I was invited to contribute to a round-table meeting to discuss Computational and Transformational Social Science which took place at the University of Oxford on Monday 18th February. In the background papers for the meeting I learned that the International Panel for the Review of the e-Science Programme, commissioned by the UK Research Councils in 2009, had reported that:
“Social science is on the verge of being transformed … in a way even more fundamental than research in the physical and life sciences”.
It continues in a similarly reasonable vein:
“… the ability to capture vast amounts of data on human interactions in a manner unimaginable from traditional survey data and related processes should, in the near term, transform social science research … (t)he impact of social science on both economic and social policy could be transformed as a result of new abilities to collect and analyse real-time data in far more granular fashion than from survey data.”
In this context, the participants were asked to comment (briefly!) on three questions:
- What is the state of the art in ‘transformative’ digital (social) research?
- Are there examples of transformative potential in the next few years?
- What are the special e-Infrastructural needs of the social science community to achieve that potential?
My first observation about these questions is that they are in the wrong order. Before anything else we need to think about examples where digital research can really start to make a difference. I would assert that such cases are abundant in the spatial domains with which TALISMAN concerns itself. For instance the challenge of monitoring individual movement patterns in real-time, of understanding and simulating the underlying behaviour, and translating this into benefit, such as in policy arenas relating to health, crime or transport.

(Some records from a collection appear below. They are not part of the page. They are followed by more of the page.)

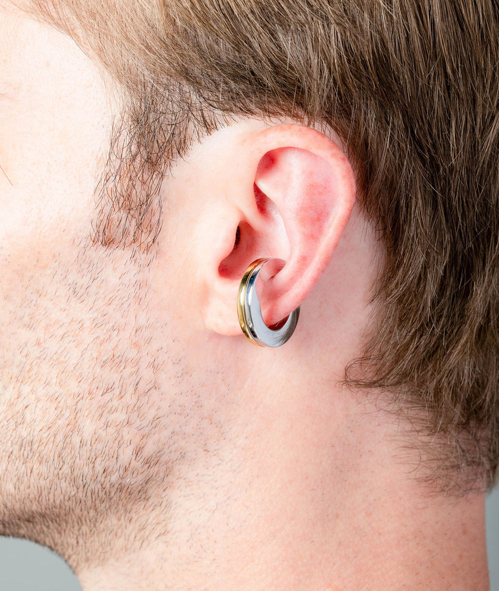 ear cuff rond en acier inoxydable bicolore, bijou d’oreille sans perçage, bijou confortable, bijou résistant à l’eau, earcuff pour homme, earcuff pour femme, earcuff unisexe, taille unique, vendu à l’unité.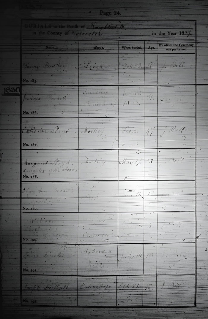 Number Forename Surname Residence Burial Day Burial Month Burial Year Age Ceremony Performed by 185 Fanny Presdee Leigh. 22 October 1837 26 John Bell 186 Jemima Bowkett Shelsley Beauchamp. 6 February 1838 31 John Bell 187 Catherine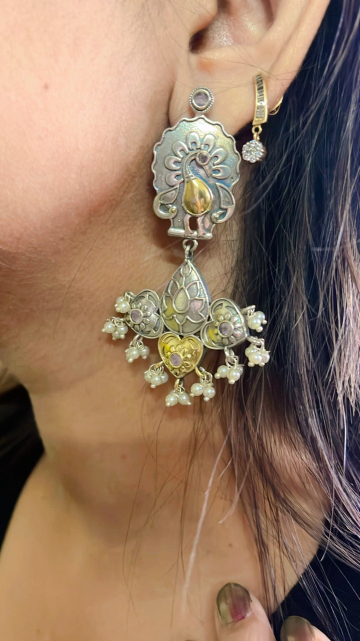 Add a touch of bohemian style with our Rama Silver Earring. The statement design will elevate any outfit, while the silver material adds a touch of elegance. Perfect for those looking to make a stylish statement.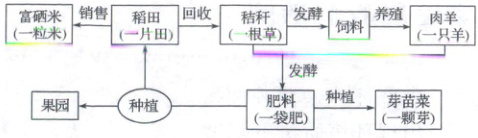 高频考点(2025 江苏苏州期末)近年来,苏州太仓东林村探索发展生态循环农业新路径。目前,该村已经形成了以“一片田、一根草、一只羊、一袋肥、一粒米、一棵芽”为核心的生态循环农业高质量发展模式。下图为东林村生态循环农业发展模式示意图。据此完成 8~9 题。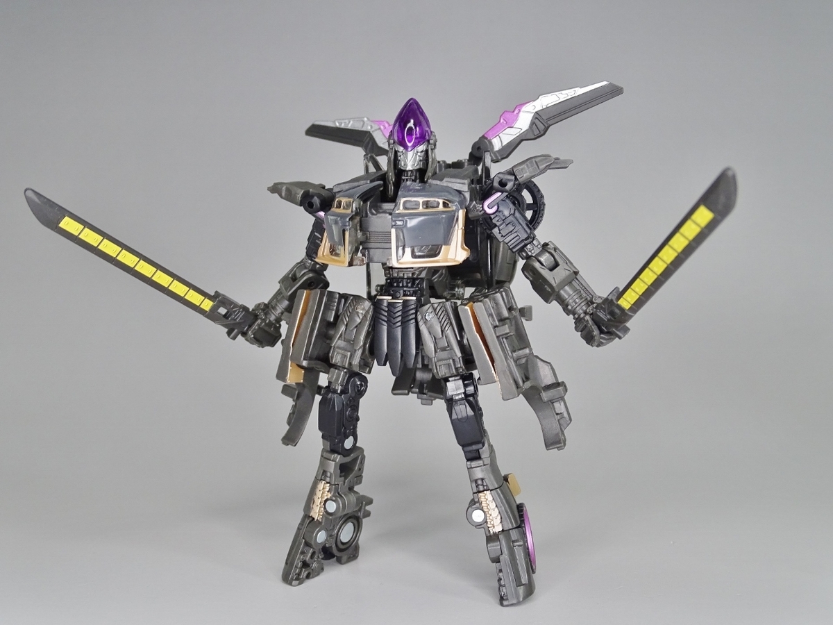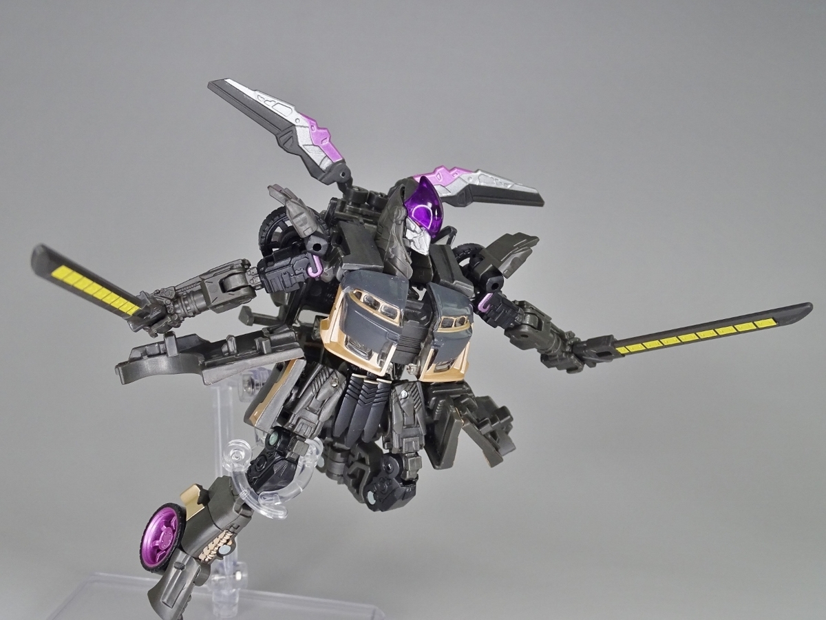 非正規アップグレードパーツ DNA DK-49を使用すると翼と剣のボリュームが補われて不満点がほぼ解消されます。翼がギリギリ本体に収まるかどうかというサイズなのでビークル時に隙間が空いてしまうのが欠点ではあるのですが…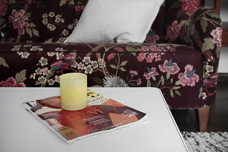 Kesäiltoina on ihana sytyttää kynttilä, se tuo kivasti tunnelmaa näin valoisanakin aikana. Tällä hetkellä lempparini on Skandinaviskin Sommar, se levittää ympärilleen hentoa, raikasta tuoksua. Väriä löytyy niin kynttilästä kuin sen ympäristöstäkin; reippaan kukkasohvan, persikkaisten lakanoiden, oranssin työvalaisimen ja värikkäiden pikku yksityiskohtien myötä ympärillä on juuri nyt enemmän väriä kuin aikoihin. Ihan virkistävää tämäkin, pieni reippaus sopii kesään kieltämättä ihan mukavasti. Ja tässä ihanassa kesän valossa kaikki väritkin näyttävät paljon heleämmiltä ja kauniimmilta, mikäs siis niitä suosiessa.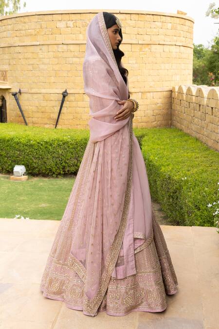 Pink Net, Organza Mirrors, Zari, Cut Work And Thread Bridal Lehenga Set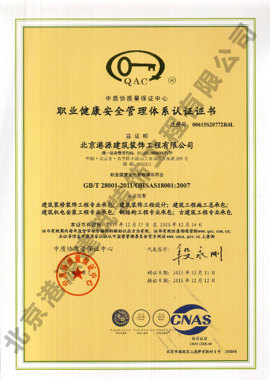 职业健康安全管理体系认证证书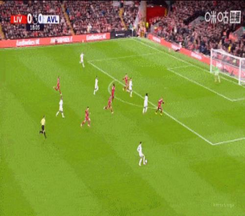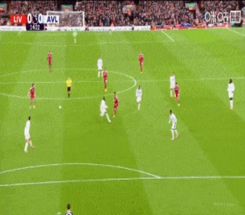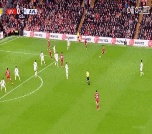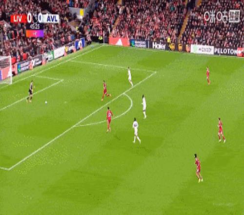 半場補時第1分鐘,馬丁內斯開球失誤,薩拉赫斷球后推射實現連場破門,利物浦1-0領先維拉。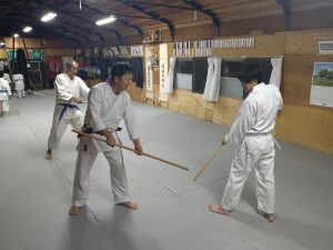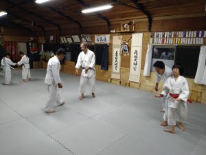 本日(9月11日)の稽古では、体操・31の杖(素振り・合わせ)・13の杖(素振り・合わせ)・転換法・突き小手返し・横面打ち入身投げ・座技呼吸法の各技について稽古を行いました。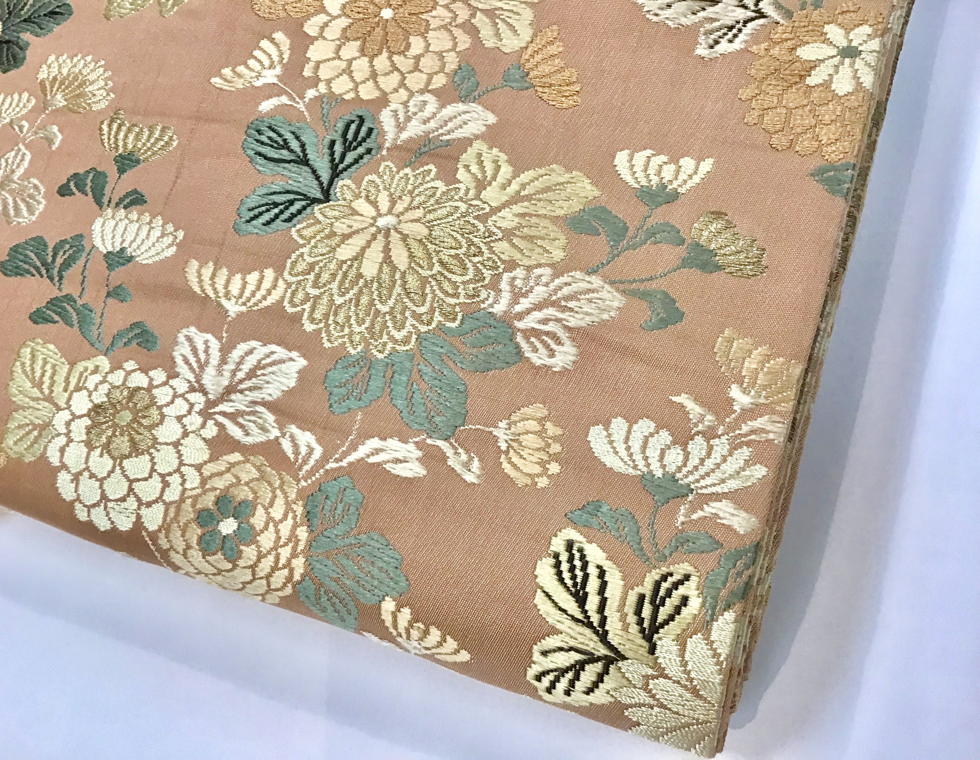 薄い紅花色に菊の刺繍がふんだんに施されている丸帯と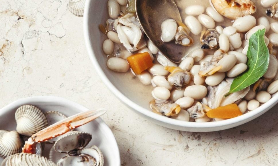 Un plat de haricots cocos aux coquillages et crustacés, légumes avec du vin blanc et cognac.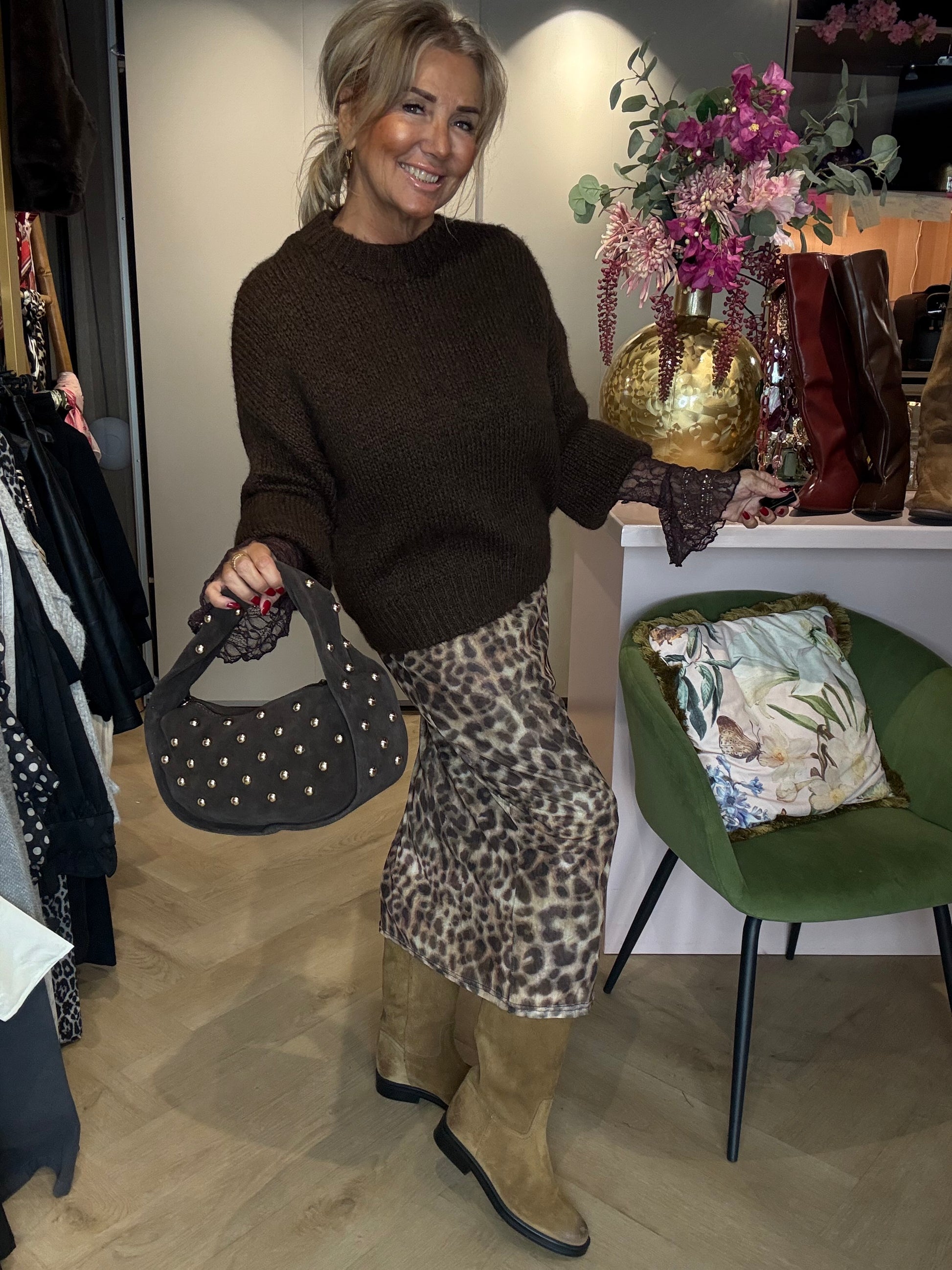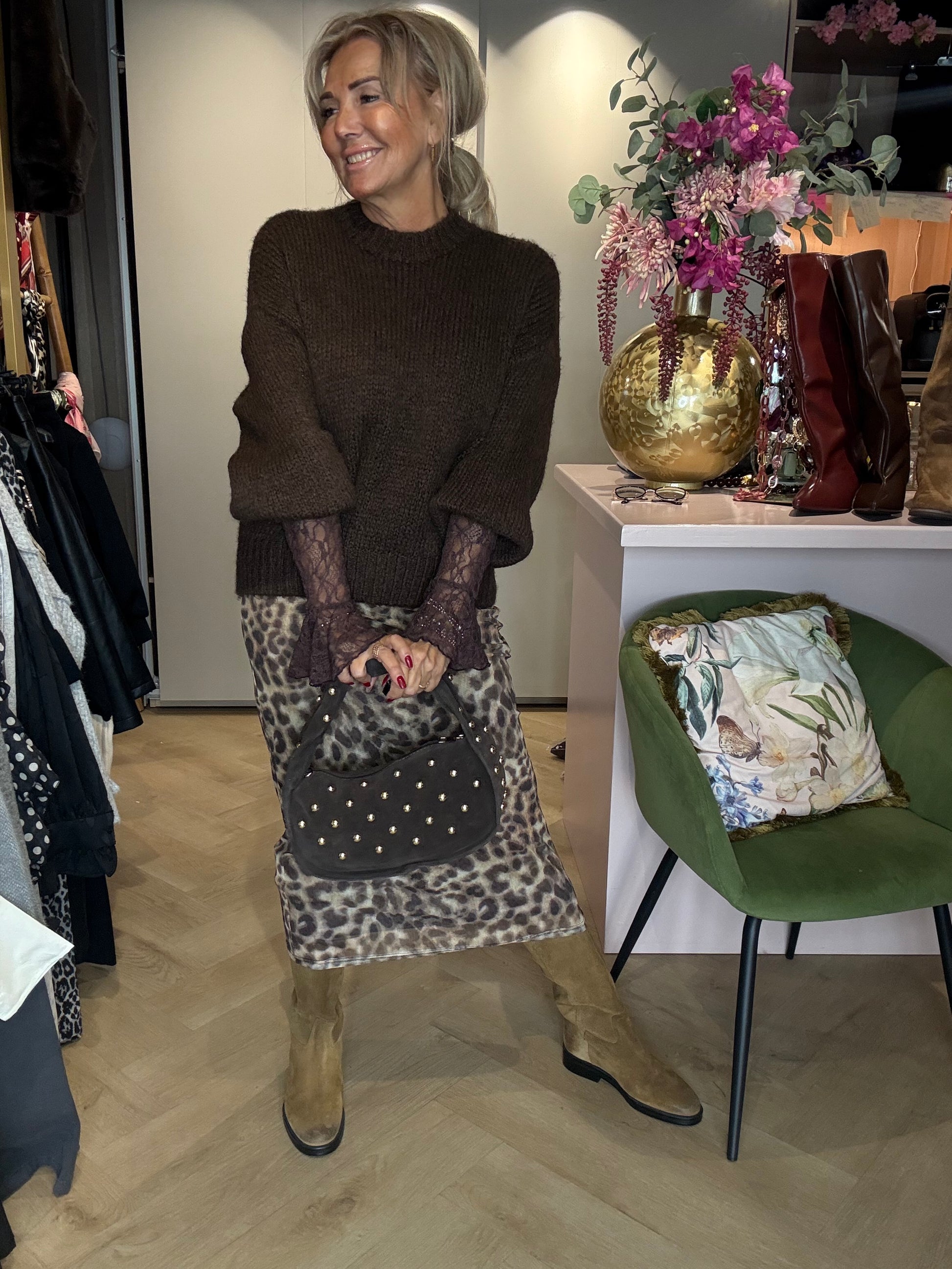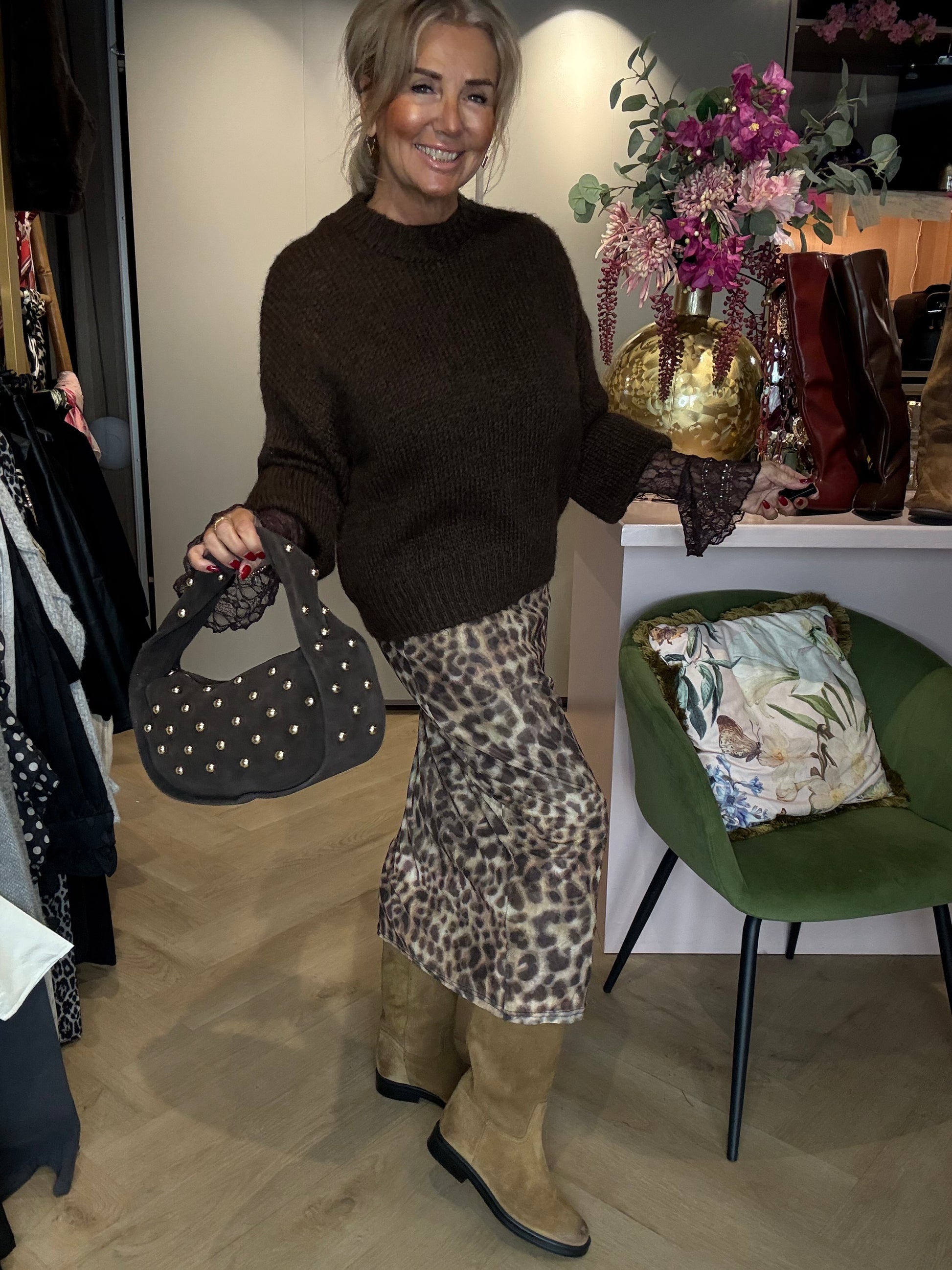 Wij hebben deze prachtige panterrok gecombineerd met een grofgebreide bruine trui en een kanten bruine top eronder voor een warme, stijlvolle look. Maak de outfit compleet met de cognackleurige laarzen uit onze webshop โ een combinatie die pure klasse uitstraalt!

In relation to the state of the art I am somewhat less sanguine. My notes read that ‘the academic sector is falling behind every day’ – think Tesco Clubcard, Oystercard, SmartSteps, even Twitter as data sets to which our community either lacks access or is in imminent danger of losing access. How do we stay competitive with the groups who own and control these data? In relation to current trends in funding I ask whether it is our destiny to become producers of the researchers but no longer of the research itself?
As regards e-Infrastructure, my views are if anything even more pessimistic. After N years of digital social research in the UK (where N>=10) are there really people who still believe that the provision of even more exaflops of computational capacity is key? While data infrastructure could be of some significance, the people issues remain fundamental here – how do we engage a bigger community in these crucial projects (and why have we failed so abjectly to date?), and how do we fire the imagination of the next generation of researchers to achieve more?